Reproduce, character for character, the lines below from the first through the one with "8 Kisten voller". Leave pictures out.

## DATA EXCERPT
——

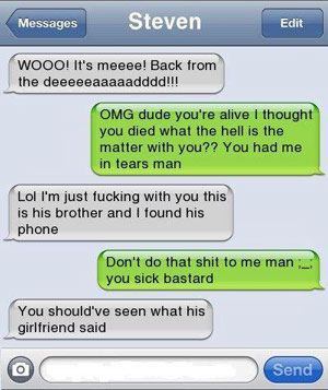 [Steven] Lol I’m just *** with you this is his brother and I found his phone
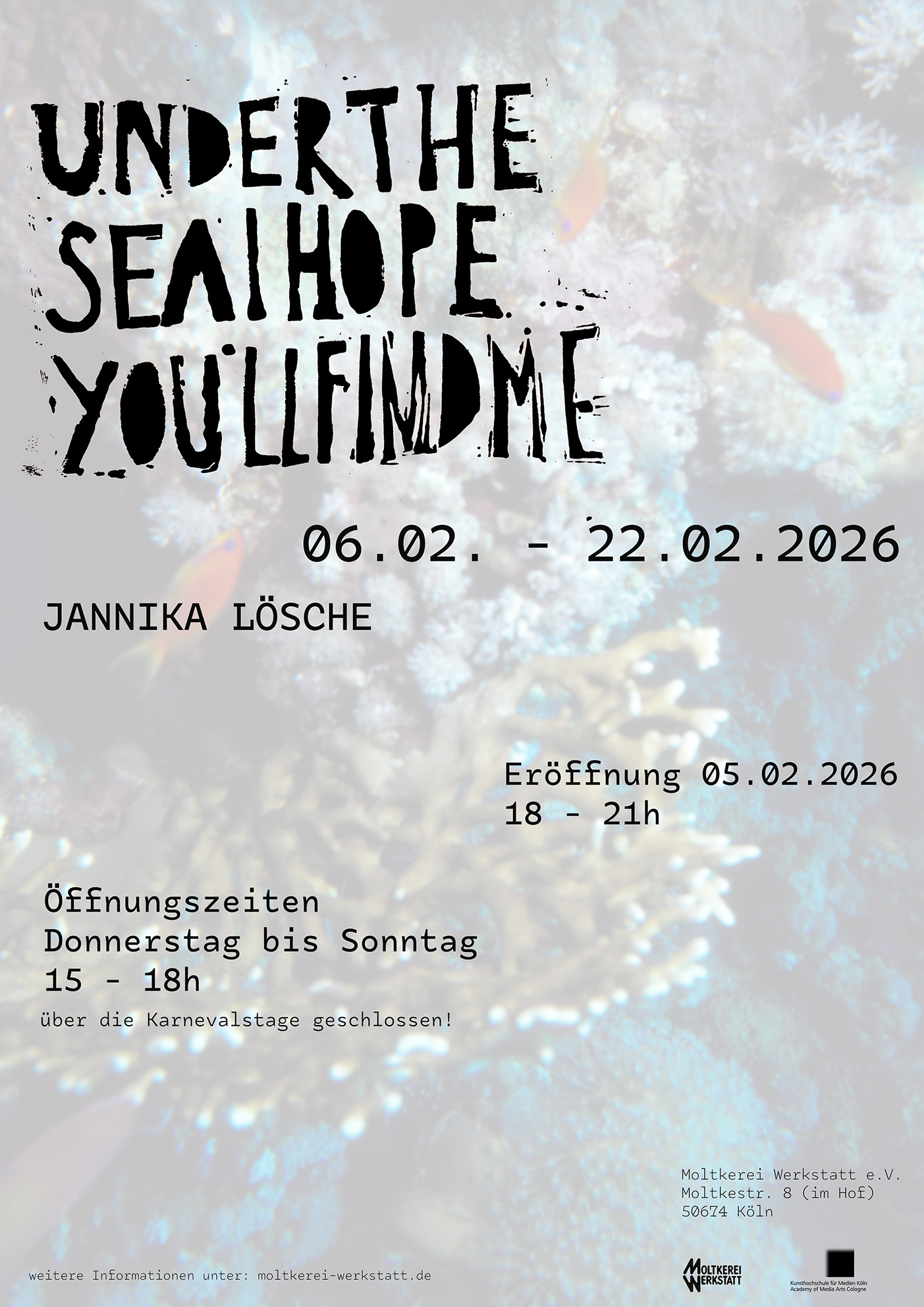 8 Kisten voller Dias und hunderte weitere Unterwasseraufnahmen bilden die Grundlage dieser Ausstellung. Jannika Lösche (*1998 in Viersen) verwebt die Bilder aus dem Nachlass ihres Großvaters, einem Hobbytaucher, der in zwei Reisen auf die Malediven und ans Rote Meer die Mehrheit der Bilder aufgenommen hat, mit ihrer eigenen künstlerischen Praxis. Die Arbeit, welche als ihr Diplomprojekt an der Kunsthochschule für Medien Köln entstanden ist, bringt eine Soundarbeit mit den Fotografien in einer Installation zusammen. Die Bilder verflechten sich mit der Soundkomposition, die den Ausstellungsraum einnimmt. Dabei zeigen sie Korallen, Fische und Unterwasserlandschaften in verschiedensten Formen und Farben. Sie bilden ein persönliches Archiv, das aber auch darüber hinaus eine Relevanz zeigt. So umfasst die Sammlung eine Dokumentation teils schon oder bald verlorener Landschaften und Tierwelten. In einer von Bilderfluten geprägten und automatisierten Welt schlagen Dias als ausgehendes Material einen Gegenpol vor, ihre Beschaffenheit als physischer Datenträger verstärkt die Bedeutung der einzelnen Bilder als Dokumentationsobjekt.
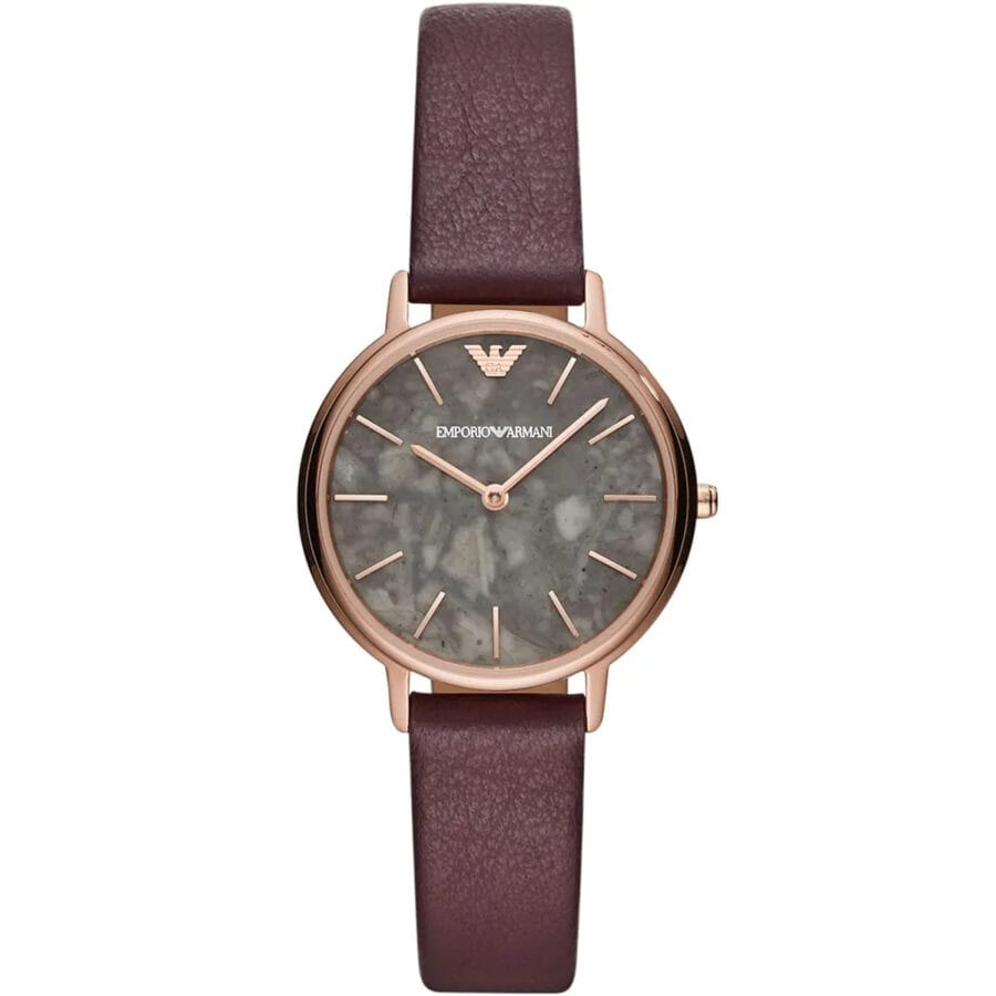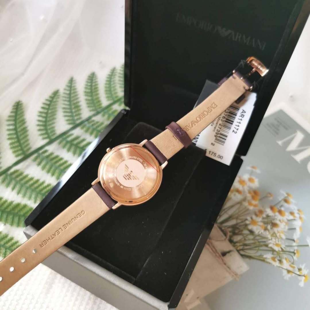 Sur le marché actuel, les montres sur bracelet acier sont légion, mais les véritables montres en cuir de haute couture se font plus rares. La Montre Femme Emporio Armani AR11172 est une exception précieuse dans notre catalogue. Nous avons sélectionné ce modèle spécifiquement pour son bracelet en cuir véritable d’une couleur sublime et peu commune : un prune profond (ou aubergine) qui tire vers le bordeaux.
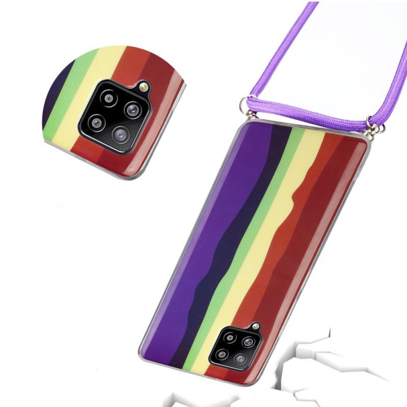 Eine wundervolle Regenbogenhülle mit einem praktischen Kabel, mit dem Sie Ihr Samsung Galaxy A42 5G auf erstklassige Weise sichern können.

——

## EXERCISE RESULT
 [Steven] Lol I’m just *** with you this is his brother and I found his phone
 8 Kisten voller Dias und hunderte weitere Unterwasseraufnahmen bilden die Grundlage dieser Ausstellung. Jannika Lösche (*1998 in Viersen) verwebt die Bilder aus dem Nachlass ihres Großvaters, einem Hobbytaucher, der in zwei Reisen auf die Malediven und ans Rote Meer die Mehrheit der Bilder aufgenommen hat, mit ihrer eigenen künstlerischen Praxis. Die Arbeit, welche als ihr Diplomprojekt an der Kunsthochschule für Medien Köln entstanden ist, bringt eine Soundarbeit mit den Fotografien in einer Installation zusammen. Die Bilder verflechten sich mit der Soundkomposition, die den Ausstellungsraum einnimmt. Dabei zeigen sie Korallen, Fische und Unterwasserlandschaften in verschiedensten Formen und Farben. Sie bilden ein persönliches Archiv, das aber auch darüber hinaus eine Relevanz zeigt. So umfasst die Sammlung eine Dokumentation teils schon oder bald verlorener Landschaften und Tierwelten. In einer von Bilderfluten geprägten und automatisierten Welt schlagen Dias als ausgehendes Material einen Gegenpol vor, ihre Beschaffenheit als physischer Datenträger verstärkt die Bedeutung der einzelnen Bilder als Dokumentationsobjekt.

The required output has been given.